To Shill a Mockingbird: How the discovery of a manuscript became Harper Lee’s “new” novel

To Shill a Mockingbird: How the discovery of a manuscript became Harper Lee’s “new” novel,  Would you like to understand how the “new” Harper Lee novel, “Go Set a Watchman,” came to be billed as a long-lost, blockbuster sequel to “To Kill a Mockingbird” — one of the definitive books of the American 20th century — when, by all the known facts, it’s an uneven first draft of the famous novel that was never considered for publication?

Would you like to get a glimpse into how clever marketing and cryptic pronouncements have managed to produce an instant bestseller, months before anyone has read it?

Fabulous. Pull up a rocking chair, pour two fingers of bourbon — make it three — and let’s have a little chat, in the gloaming in this little town in south Alabama. Here is where Lee grew up with many of the real-life characters whose fictional counterparts would come to populate the only book she ever published.

First, those delicate questions.

Harper Lee, 88, had a stroke in 2007. She is, by all accounts, almost completely deaf and blind. She resides in an assisted-living facility out on the Highway 21 bypass in this slow-moving town of 6,500, still not all that much different from how she immortalized it more than half-century ago.

She’s also one of the most famously private authors in modern publishing history, up there with J.D. Salinger, who also wrote one iconic work and then hid behind a veil of privacy.

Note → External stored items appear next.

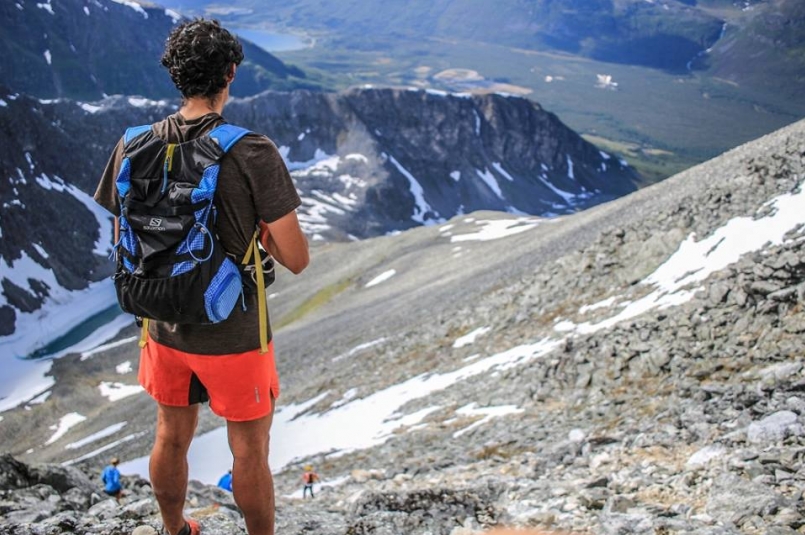建議穿長袖或短袖的排汗衣,避免水袋背包摩擦肌膚(圖片來源:Salomon)
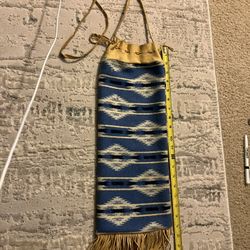 handwoven Southwestern or Navajo-style flatweave wool bag with a leather drawstring and fringe$80Seattle, WA
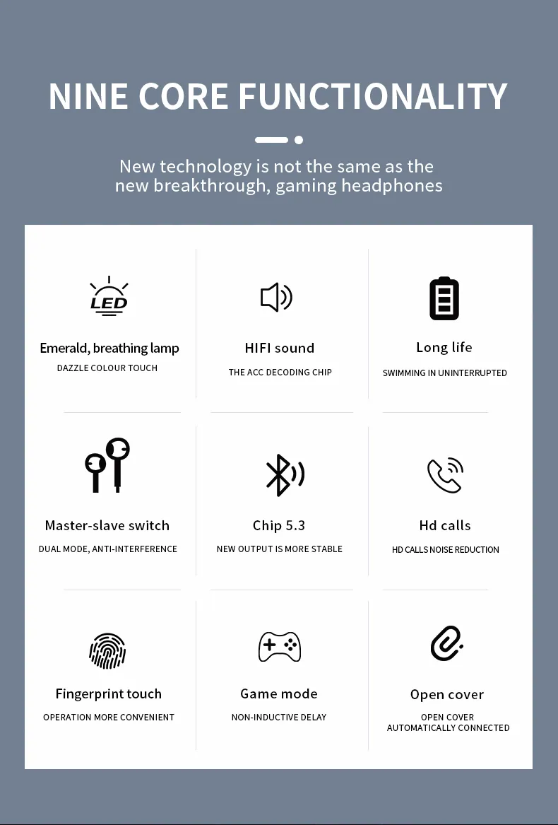 New Original Earphone Gaming in-Ear Sport Headphone Wireless Bluetooth Headset V5.3 Auriculares TWS Earbuds

The high drama around the impending publication of “Watchman,” which erupted in the literary universe since the novel was announced this month, stems from the fact that Lee had long vowed she would never publish again.

Her attorney, Tonja Carter, took over representation when Alice Lee — the novelist’s older sister, housemate, lawyer and lifelong protector — became infirm a couple of years ago. Carter says her client reversed her decades-old stance after Carter stumbled upon a copy of “Watchman” last summer. Now, according to Carter, Lee is delighted it has shot to the top of bestseller lists, five months ahead of publication.

People have questioned the story, wondering if a person in Lee’s declining health can be said to have given reflective consideration to a manuscript she wrote 58 years ago.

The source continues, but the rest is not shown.